Brief
All that is wanted is the exact text of the lines below from the one with "学院党委始终坚持以习近平新时" through the one with "Młodzi Włosi i", inclusive, minus any pictures.

Given data
#####

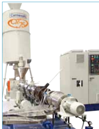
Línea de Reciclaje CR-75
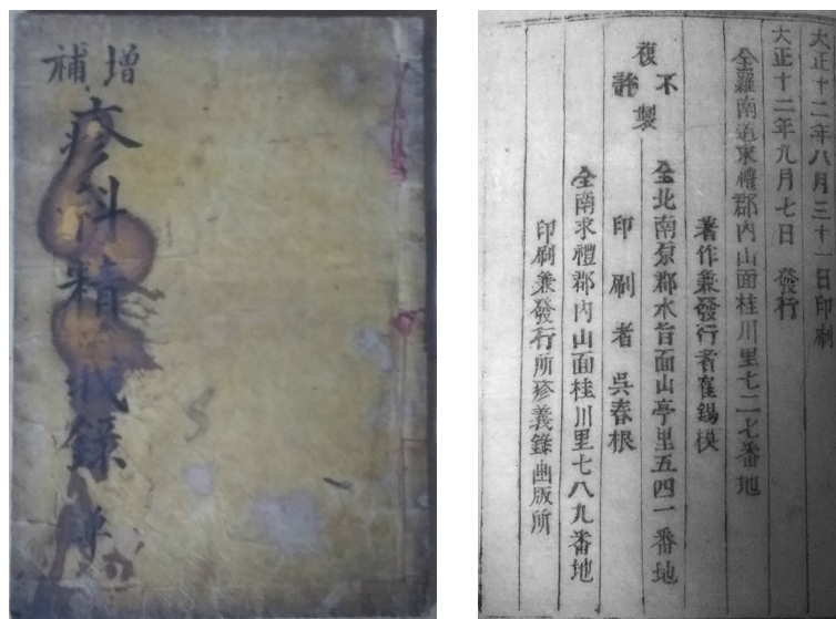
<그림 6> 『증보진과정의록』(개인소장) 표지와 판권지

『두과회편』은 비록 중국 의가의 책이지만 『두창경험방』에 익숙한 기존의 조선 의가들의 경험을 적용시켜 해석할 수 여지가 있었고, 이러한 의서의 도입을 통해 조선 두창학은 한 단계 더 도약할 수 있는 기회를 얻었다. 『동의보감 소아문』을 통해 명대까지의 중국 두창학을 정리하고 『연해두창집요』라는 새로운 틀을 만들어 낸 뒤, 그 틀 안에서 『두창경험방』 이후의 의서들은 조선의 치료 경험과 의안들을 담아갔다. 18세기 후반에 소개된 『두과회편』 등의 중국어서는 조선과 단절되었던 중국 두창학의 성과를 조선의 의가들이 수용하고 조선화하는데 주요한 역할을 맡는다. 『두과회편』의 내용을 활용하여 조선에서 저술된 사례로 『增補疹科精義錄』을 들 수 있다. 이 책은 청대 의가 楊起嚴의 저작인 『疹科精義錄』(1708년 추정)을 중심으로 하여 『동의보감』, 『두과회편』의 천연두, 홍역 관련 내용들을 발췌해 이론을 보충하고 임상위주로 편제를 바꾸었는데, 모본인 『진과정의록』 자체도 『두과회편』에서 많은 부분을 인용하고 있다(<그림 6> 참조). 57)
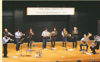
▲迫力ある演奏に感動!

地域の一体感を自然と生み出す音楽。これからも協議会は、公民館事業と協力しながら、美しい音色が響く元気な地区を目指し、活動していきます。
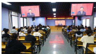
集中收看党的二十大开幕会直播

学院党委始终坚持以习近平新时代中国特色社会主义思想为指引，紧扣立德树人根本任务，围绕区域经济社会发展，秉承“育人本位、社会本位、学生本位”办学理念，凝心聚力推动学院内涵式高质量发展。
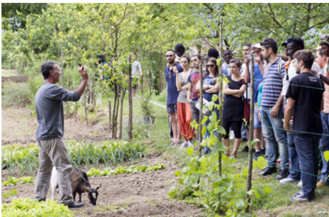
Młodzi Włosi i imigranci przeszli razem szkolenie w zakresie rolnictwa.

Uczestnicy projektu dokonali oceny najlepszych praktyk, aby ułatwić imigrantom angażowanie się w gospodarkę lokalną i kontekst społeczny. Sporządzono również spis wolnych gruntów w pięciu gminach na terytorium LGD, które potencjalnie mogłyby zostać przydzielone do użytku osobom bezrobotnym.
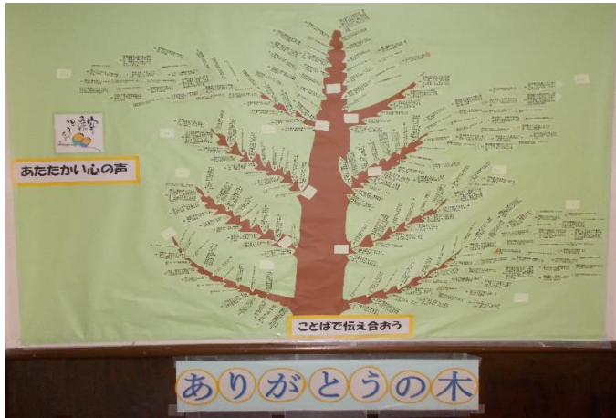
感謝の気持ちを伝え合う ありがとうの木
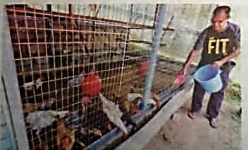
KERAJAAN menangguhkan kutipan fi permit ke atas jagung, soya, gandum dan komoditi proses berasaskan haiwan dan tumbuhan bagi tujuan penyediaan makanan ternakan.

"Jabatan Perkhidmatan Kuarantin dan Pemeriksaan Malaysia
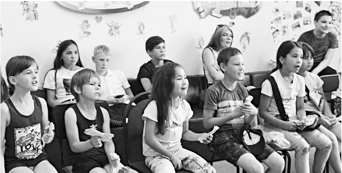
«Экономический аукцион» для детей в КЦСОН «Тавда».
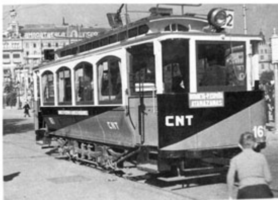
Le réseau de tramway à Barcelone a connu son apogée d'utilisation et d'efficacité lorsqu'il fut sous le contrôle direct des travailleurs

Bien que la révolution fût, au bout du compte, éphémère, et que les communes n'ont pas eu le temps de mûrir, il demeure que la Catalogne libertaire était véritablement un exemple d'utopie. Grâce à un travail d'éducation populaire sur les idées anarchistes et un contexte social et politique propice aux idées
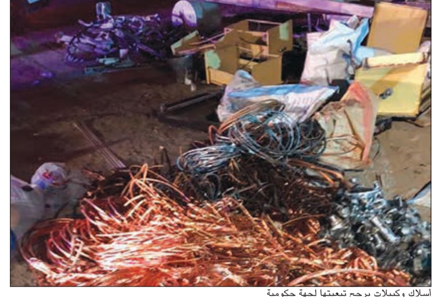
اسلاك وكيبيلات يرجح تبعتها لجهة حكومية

#####

Exercise result
学院党委始终坚持以习近平新时代中国特色社会主义思想为指引，紧扣立德树人根本任务，围绕区域经济社会发展，秉承“育人本位、社会本位、学生本位”办学理念，凝心聚力推动学院内涵式高质量发展。
Młodzi Włosi i imigranci przeszli razem szkolenie w zakresie rolnictwa.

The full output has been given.